While home owners are currently enjoying the benefits of historically low interest rates on their mortgages, the interest rate has also fallen for savers and deposit holders – many of whom rely on their interest for retirement or daily living expenses.
What is the cash rate?
The cash rate is determined by the RBA and is part of a suite of tools used to manage the economy.
When economic conditions are weak, like they are at the moment, the RBA may reduce the cash rate to make money cheaper to borrow. This is referred to as ‘looser monetary policy’ and is designed to stimulate the economy by increasing the amount of cash in people’s pockets.
On the other hand, when economic conditions are good, the RBA may increase the official cash rate to slow inflation.
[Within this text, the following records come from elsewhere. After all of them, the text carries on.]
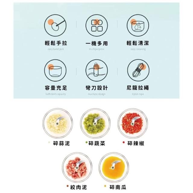 蕉蕉購物手拉式攪碎器 切碎器切蒜器 切菜器 絞肉器 蒜泥機 攪拌器 拉繩式切菜機 食物調理器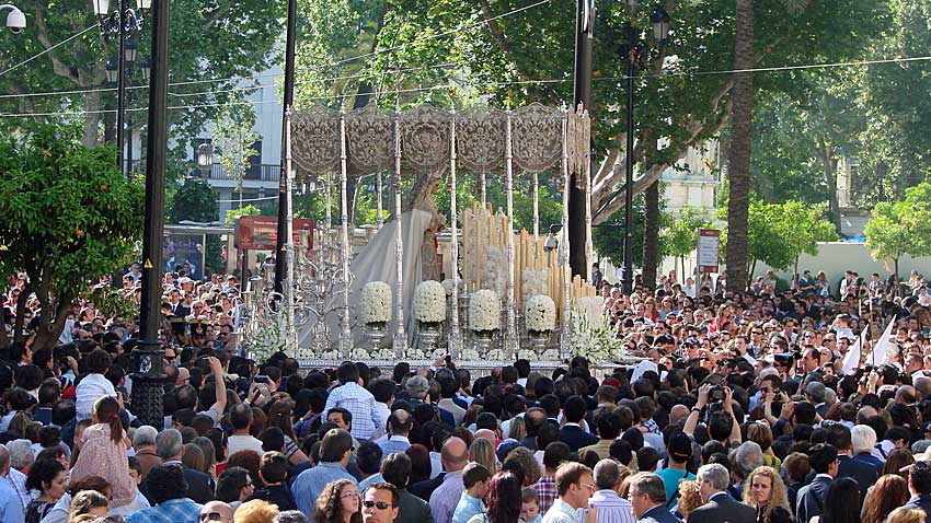 La Cena con la extraña combinacion de paso de madera oscurra y candelabros con guardabrisas dorado ...ehhhh no pega .- La Hiniesta San Roque, si a los Nazarenos con túnicas bordadas La Estrella La Amargura El Silencio Blanco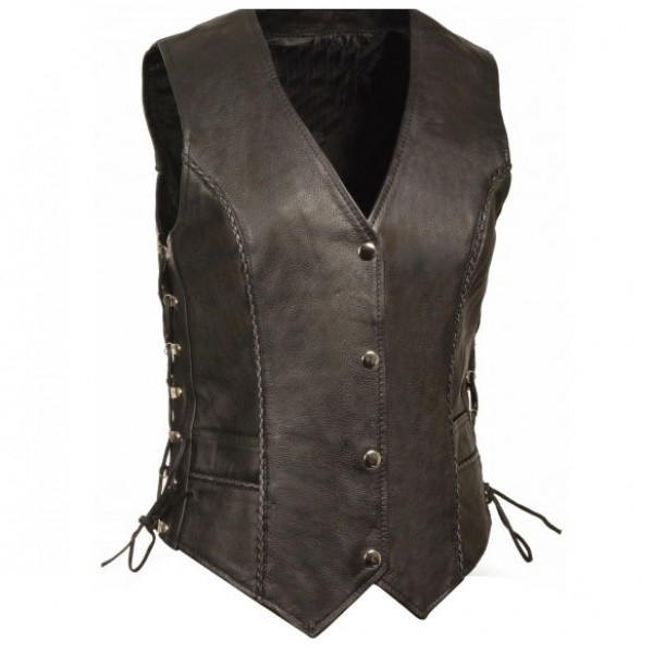 Ladies Snap Front Vest W/ Thin Braid. Butter Soft Naked Cowhide 1.2-1.3mm Classic Four Snap Front Look Ultrathin Leather Braiding Detail Across The Front & Back Two Lower Pockets W/ Updated Side Lace Detailing Two Deep Interior Storage Pockets

Known as ‘restrictive monetary policy’, the cost of money increases and consumers are left with less spare cash to spend as the value of goods and services rise.
As well as changing the official rates, the RBA also changes the availability of funding to the banking system. When economic conditions are weak, the RBA is likely to make more money available to the banking system in order to promote economic growth.
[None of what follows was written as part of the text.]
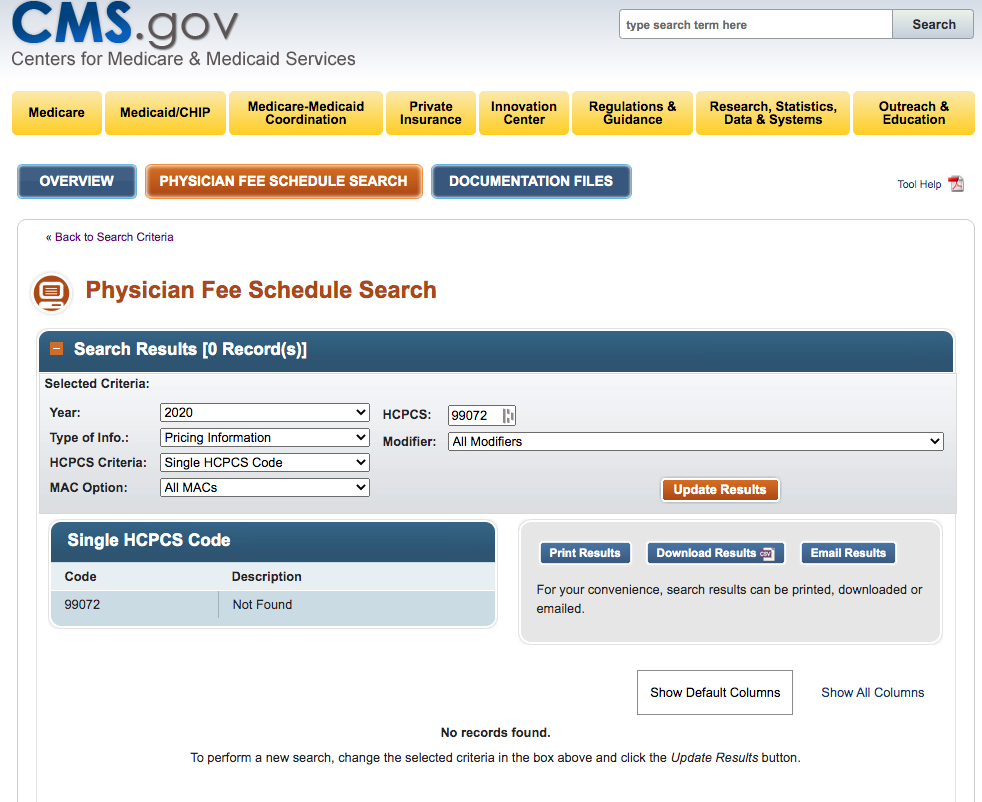 Unfortunately for many workers’ comp providers, the Centers for Medicare and Medicaid Services (‘CMS’ or ‘Medicare’) has neither adopted CPT 99072 nor assigned RVUs to this CPT code.
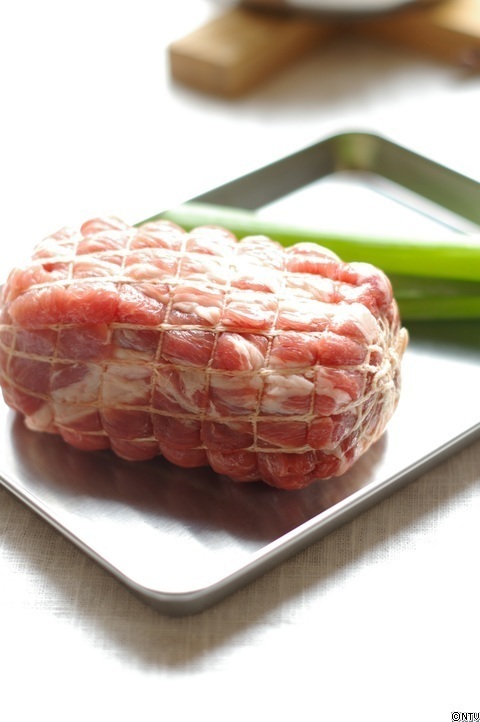 1. 豚肩ロース肉をたこ糸を巻いて形を整えフォークを使って

These decisions impact all rates in the market, including interest rates on deposits and loans offered to customers.
So with the RBA policy initiatives over the last 18 months leading to very low official rates and very high availability of money, it is no surprise that mortgage and deposit rates being offered by banks are at record low levels.
Many experts expect this trend of low rates to continue over the medium term, with the RBA likely to keep rates at very low levels until economic conditions materially improve.
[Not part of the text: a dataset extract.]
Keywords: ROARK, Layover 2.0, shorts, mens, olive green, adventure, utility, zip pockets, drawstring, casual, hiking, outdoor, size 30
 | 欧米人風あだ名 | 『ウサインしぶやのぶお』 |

The true cost of a low-interest environment
It’s a delicate and ongoing challenge to achieve the right balance for all of our home loan and deposit customers, but our main focus is on providing the best possible value over time.
Maintaining our financial strength is also a key consideration to ensure our long-term stability and investment back into services for our customers continues.
Our approach to balancing all these needs is very different to a shareholder bank, who also have to weigh up the impact on share prices and how much profit to distribute to shareholders.
At Newcastle Permanent, the customer is at the heart of our decisions. Any profits we make are reinvested back in to delivering great outcomes and services for our customers both now and into the future.